Monsieur le Président, quelle belle façon de terminer notre passage à la Chambre durant la session parlementaire.
L'objectif du projet de loi est de créer le poste d'artiste visuel officiel du Parlement, chargé non seulement de concevoir des œuvres, mais aussi de promouvoir les arts au Canada par l'intermédiaire du Parlement, notamment en encourageant la population à mieux connaître les arts, à les apprécier, à y être sensible et en favorisant leur développement. C'est noble, mais c'est ambitieux pour une seule et même personne.

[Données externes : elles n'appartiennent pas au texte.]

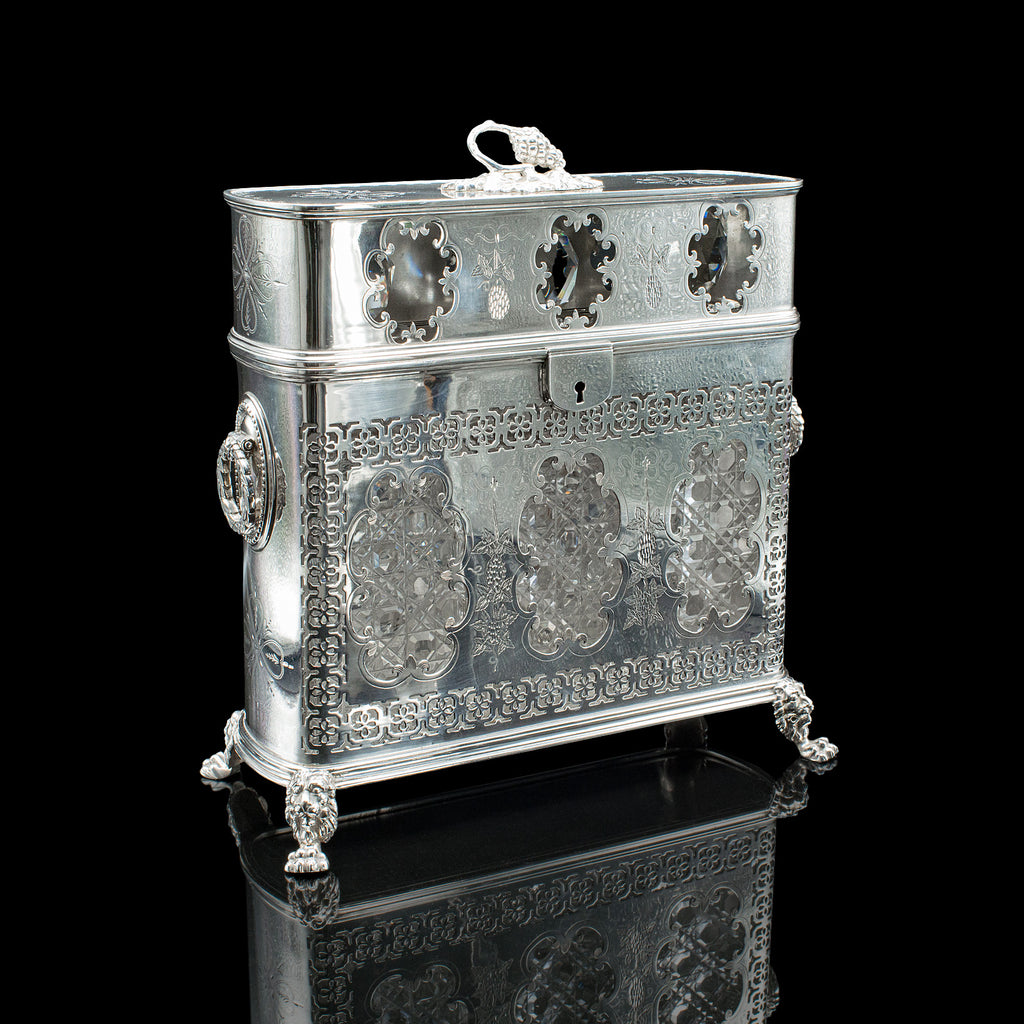 This is an antique tantalus. An English, silver plated three decanter set dating to the Edwardian period, circa 1910. A fascinating example with a refined decorative presence and attractive later glassware.
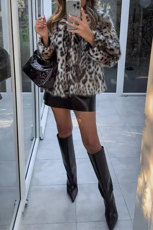Leopard Print Faux Fur Turndown Collar Fuzzy Coat-Brown

L'art visuel peut être universel, entre autres, et il ne se bute pas à la barrière de la langue. L'art visuel raconte, invente et projette, le réel comme l'abstrait. Selon le Regroupement des artistes en arts visuels du Québec, de par sa nature même, l'art est le reflet de l'expression humaine et est profondément lié à la société qui lui est contemporaine. Il est, de ce fait, un véhicule de diffusion et de dialogue exceptionnel, offrant au public des occasions d'échange, indispensables à l'évolution de la société. C'est une belle définition. Même si l'art est souvent considéré comme un miroir de la société, tout comme elle, il s'interprète en fonction du vécu et de l'histoire de la personne qui le regarde. Ce vécu, qui est le nôtre, enveloppe notre regard de ces teintes, de sorte que là où quelqu'un voit la mer, un autre peut voir le ciel; là où une personne comprend la solitude, une autre peut se sentir empreinte liberté; là où un humain voit le désir d'exister ou de se souvenir, un autre peut percevoir de la haine, et même du mépris.
L'art est un moyen d'expression puissant, et trouver une personne qui le maîtrise en étant capable de s'exprimer sans censure dans une œuvre forte et pure et dans un contexte où l'on politise tout, ce ne sera, ma foi, pas une mince affaire. Comment peut-on exiger d'un artiste passion et neutralité, inspiration et représentativité? C'est tout un défi. Les textures, les couleurs, les nuances, tout peut être un symbole, positif pour l'un, négatif pour l'autre. Tout peut être une arme à interprétation. Nous l'avons malheureusement vu à plusieurs reprises. L'art commande la liberté. Même si je suis la dernière à vouloir empêcher une personne de créer et de vivre de sa créativité, il n'en demeure pas moins que cet artiste aura de très grandes responsabilités.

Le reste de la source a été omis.